Google researchers have created an artificial intelligence (AI) music generator that takes text cues to generate minutes-long musical compositions, according to a research paper published by the firm.
MusicLM is a new product from Google that employs a hierarchical sequence-to-sequence architecture for conditional music synthesis.
The music is created at a rate of 24kHz, which remains constant for several minutes. A whistled or hummed tune may also be transformed into different instruments using MusicLM.
Google released a number of snippets created using MusicLM. It built shorter tracks from “rich captions” and numerous “story mode” clips as samples.

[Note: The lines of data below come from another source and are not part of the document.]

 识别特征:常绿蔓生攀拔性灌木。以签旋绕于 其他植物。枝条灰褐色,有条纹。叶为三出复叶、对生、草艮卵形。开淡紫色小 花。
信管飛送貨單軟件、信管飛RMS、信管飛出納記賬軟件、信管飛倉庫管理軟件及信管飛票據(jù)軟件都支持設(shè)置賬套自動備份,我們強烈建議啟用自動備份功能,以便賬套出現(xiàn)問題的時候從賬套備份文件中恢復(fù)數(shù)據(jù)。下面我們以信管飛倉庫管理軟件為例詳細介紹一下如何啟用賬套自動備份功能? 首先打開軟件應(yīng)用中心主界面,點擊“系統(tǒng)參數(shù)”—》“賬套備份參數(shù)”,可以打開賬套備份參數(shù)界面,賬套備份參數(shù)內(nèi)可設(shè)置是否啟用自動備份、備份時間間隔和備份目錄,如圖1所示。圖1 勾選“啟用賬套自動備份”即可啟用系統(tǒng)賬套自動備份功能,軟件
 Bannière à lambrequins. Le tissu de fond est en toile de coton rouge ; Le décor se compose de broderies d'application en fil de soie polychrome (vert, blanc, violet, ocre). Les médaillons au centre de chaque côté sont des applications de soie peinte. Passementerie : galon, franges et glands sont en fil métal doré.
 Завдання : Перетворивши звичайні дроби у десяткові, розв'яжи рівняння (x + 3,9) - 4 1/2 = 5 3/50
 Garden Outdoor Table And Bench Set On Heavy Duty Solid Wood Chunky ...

The following is an example of a “rich caption” text prompt used by Google to construct the music for an arcade game.
“The main soundtrack of an arcade game. It is fast-paced and upbeat, with a catchy electric guitar riff,” the prompt reads.

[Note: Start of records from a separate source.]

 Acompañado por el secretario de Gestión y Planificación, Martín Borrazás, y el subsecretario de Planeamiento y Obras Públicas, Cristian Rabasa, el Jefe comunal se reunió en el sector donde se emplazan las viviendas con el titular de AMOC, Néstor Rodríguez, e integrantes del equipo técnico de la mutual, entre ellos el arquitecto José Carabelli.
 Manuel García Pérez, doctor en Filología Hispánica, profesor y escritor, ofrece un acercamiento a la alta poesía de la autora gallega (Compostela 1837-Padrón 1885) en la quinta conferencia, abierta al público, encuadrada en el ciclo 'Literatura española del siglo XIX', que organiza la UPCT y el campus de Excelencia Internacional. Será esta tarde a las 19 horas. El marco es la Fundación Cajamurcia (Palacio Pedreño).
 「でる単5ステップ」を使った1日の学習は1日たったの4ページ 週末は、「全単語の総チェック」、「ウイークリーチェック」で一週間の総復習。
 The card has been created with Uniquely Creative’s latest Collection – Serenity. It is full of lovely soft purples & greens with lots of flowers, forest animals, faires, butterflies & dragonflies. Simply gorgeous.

“The music is repetitive and easy to remember, but with unexpected sounds, like cymbal crashes or drum rolls.”
The “story mode” clip examples were created using various shorter text prompts, including:
- Time to meditate (0:00-0:15), time to wake up (0:15-0:30), time to run (0:30-0:45), time to give 100% (0:45-0:60)
- Electronic song played in a videogame (0:00-0:15), meditation song played next to a river (0:15-0:30), fire (0:30-0:45), fireworks (0:45-0:60)
Google’s MusicLM can also produce music clips from paintings — especially from descriptions of the artworks — including Salvador Dali’s iconic “The Persistence of Memory”.
MusicLM is capable of simulating human vocals. While it appears to get the tone and general sound of voices correct, they don’t sound completely authentic.